Hand & Lock is an embroidery brand in the United Kingdom created from the merger of M Hand & Company and S Lock in 2001, and is based in Fitzrovia, London.

==History==

M Hand & Company Ltd was founded in London in 1767. Hand was a Huguenot refugee who was skilled in working with gold lace, and had studied under Italian craftsmen. The company produced ceremonial work for the military and royalty, and received a Royal Warrant.

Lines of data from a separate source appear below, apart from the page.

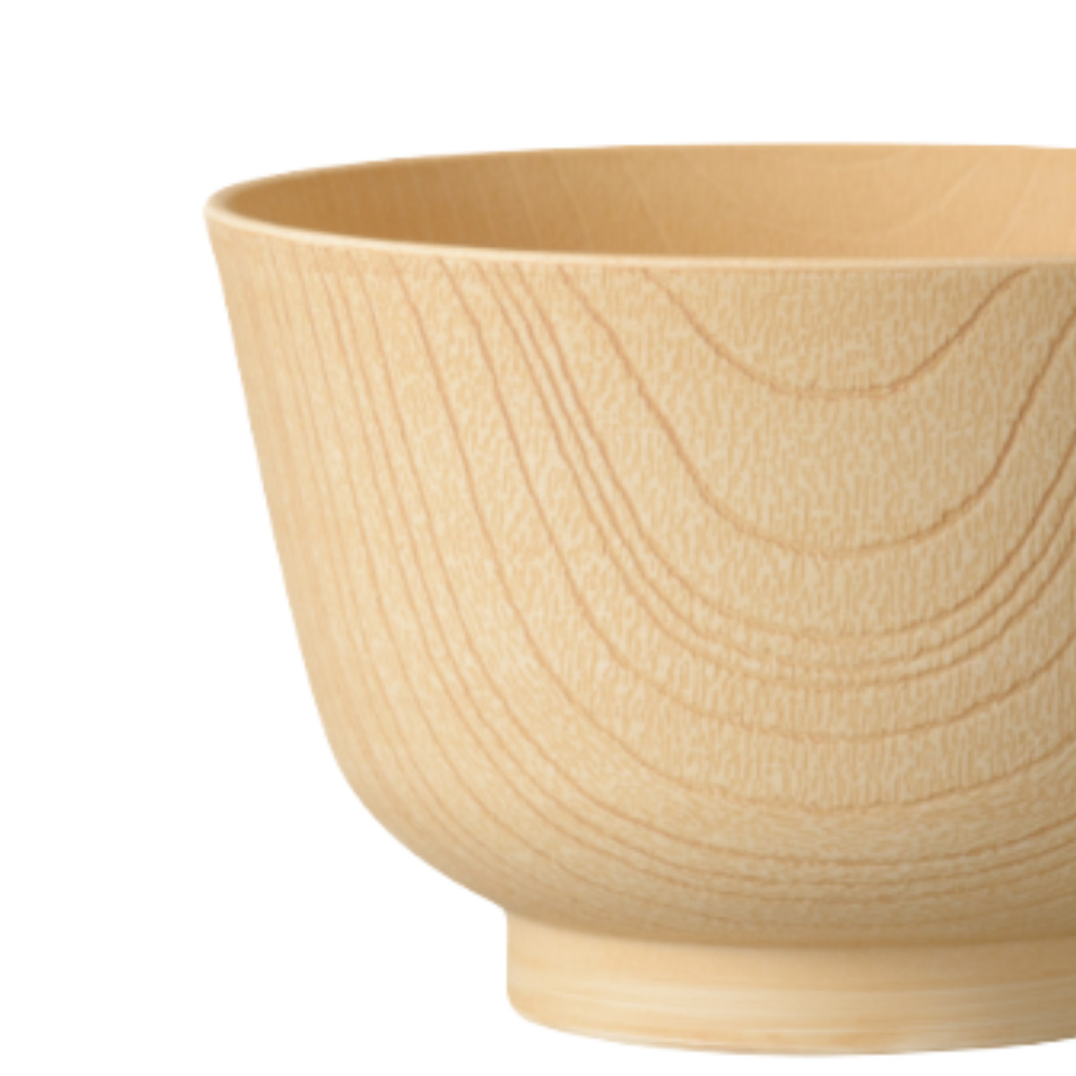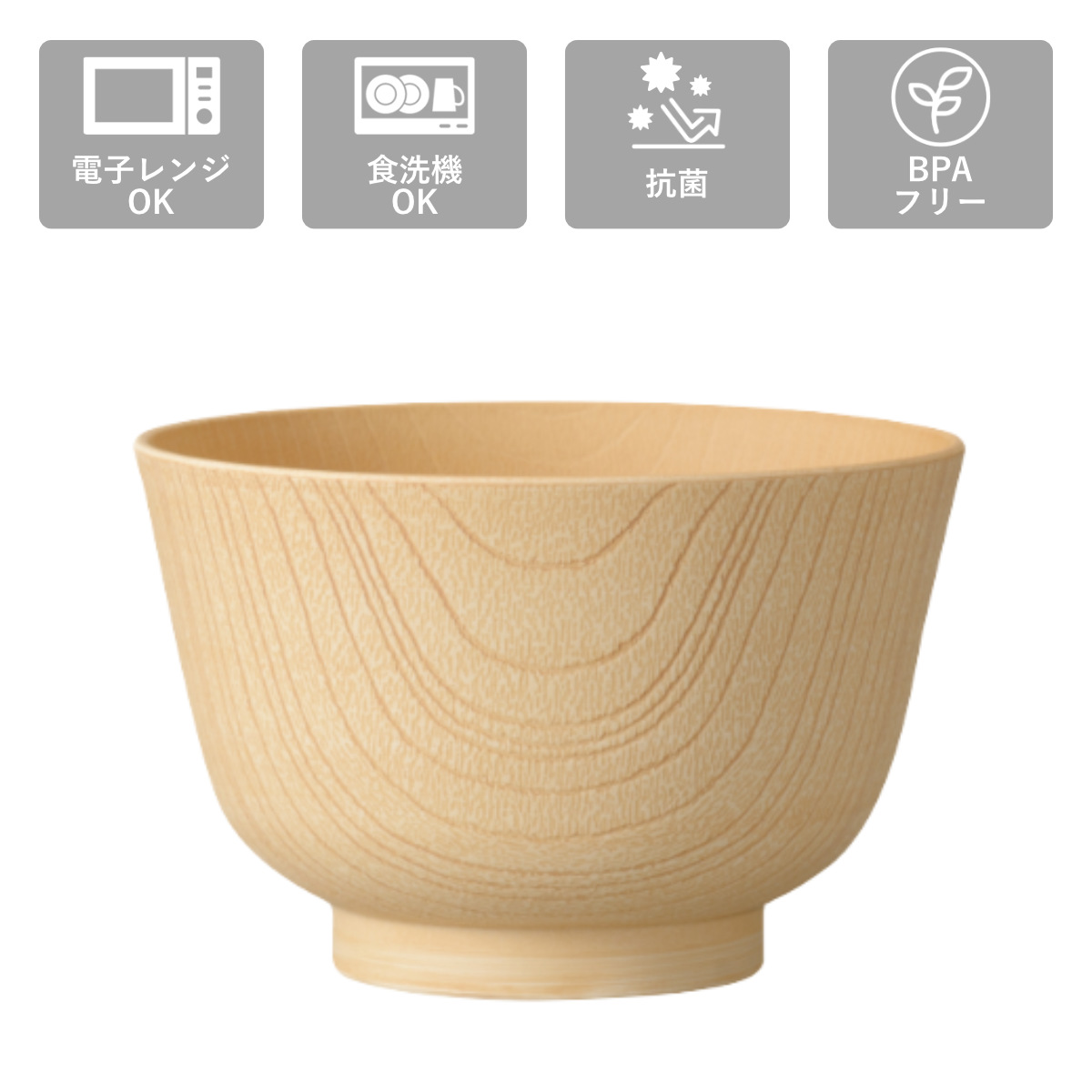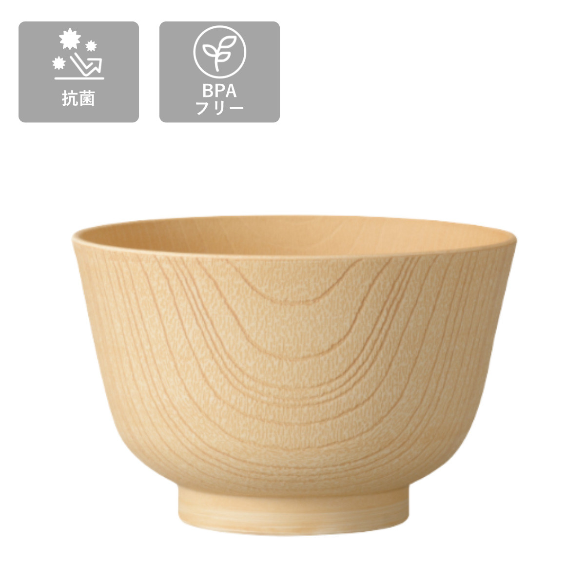 まる白木のような美しい木目デザインの汁椀です。軽くて割れにくく、扱いやすい樹脂製の食器なので毎日手軽にお使いいただけます。来客用から普段使いにも使えて、和でも洋でも合わせやすい汁椀です。
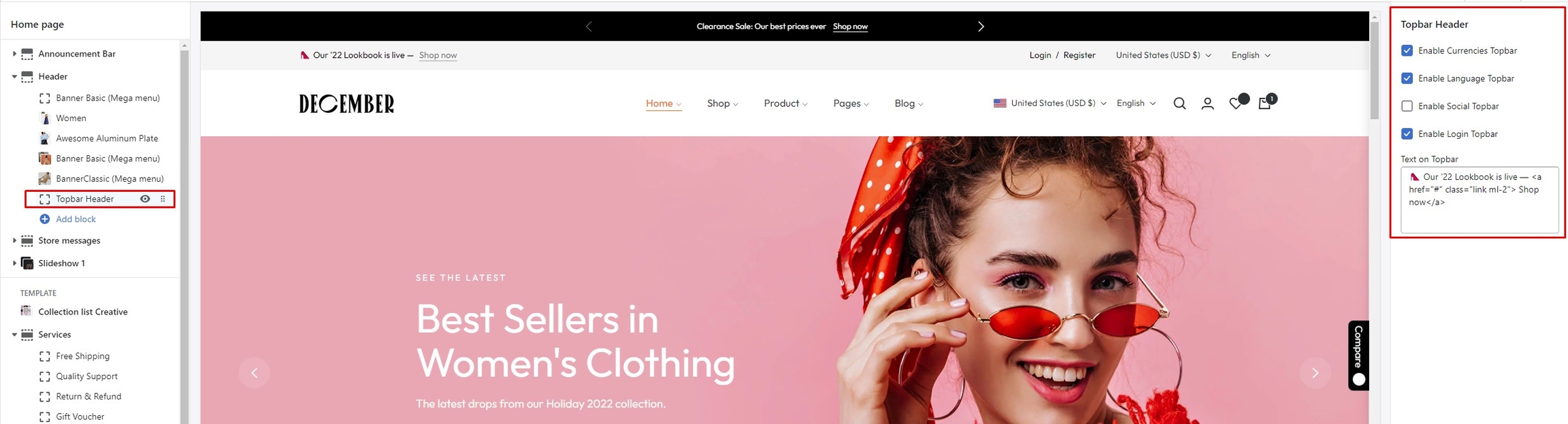 But If you want change color for Top Bar Header => Click Header => Scroll to TOPBAR
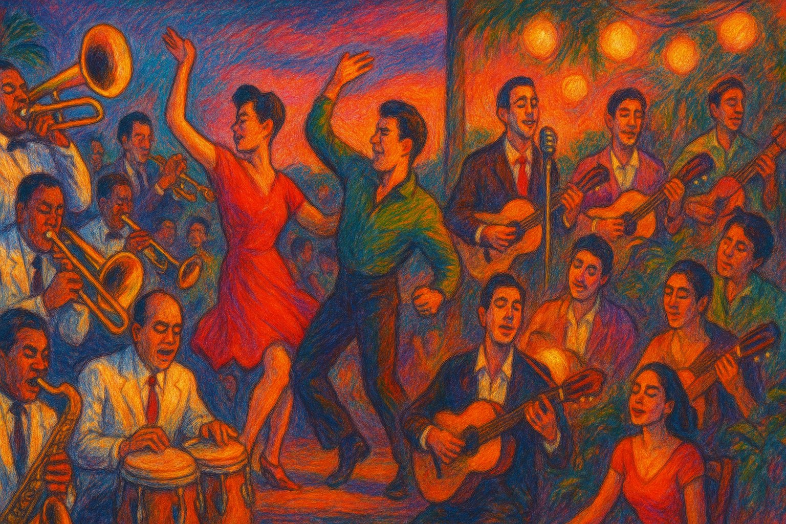 While bolero spoke to the heart, mambo electrified dance floors around the world. Known for its bold brass sections, lively syncopation, and explosive rhythmic drive, mambo became one of the first Latin American genres to achieve truly global popularity. The “King of Mambo,” Pérez Prado, played a crucial role in this cultural expansion. His energetic arrangements—such as “Mambo No. 5” and “Mambo No. 8”—featured powerful horn lines, dynamic percussion, and catchy melodic hooks that made audiences move with excitement. Prado’s orchestra became a global sensation, performing in Mexico City, Havana, New York, Tokyo, and various European capitals. Mambo dance styles flourished in ballrooms and nightclubs from Havana to Los Angeles, and its influence can still be heard in contemporary Latin pop and salsa.

In 1898, C E Phipps & Co. began creating embroidered fashion items and selling them to department stores. Phipps retired in 1956 and sold the company to Stanley Lock. The newly named S Lock Company expanded to create special order embroidery items for fashion houses, including Christian Dior, Norman Hartnell, Hardy Amies and Catherine Walker The company created embroidered gowns for Queen Elizabeth and Diana, Princess of Wales. In 1972 it was awarded a Royal Warrant.

== Company timeline ==

- In 2001 M Hand & Company and S. Lock merged to form the firm Hand & Lock.
- In 2012 they embroidered the banners for the royal barge for Queen Elizabeth's Diamond Jubilee celebrations.
- In 2017 the company celebrated its 250th anniversary.
- In 2019 the company received the Royal Warrant as Embroiderers and Suppliers of Military Accoutrements to HM the Queen.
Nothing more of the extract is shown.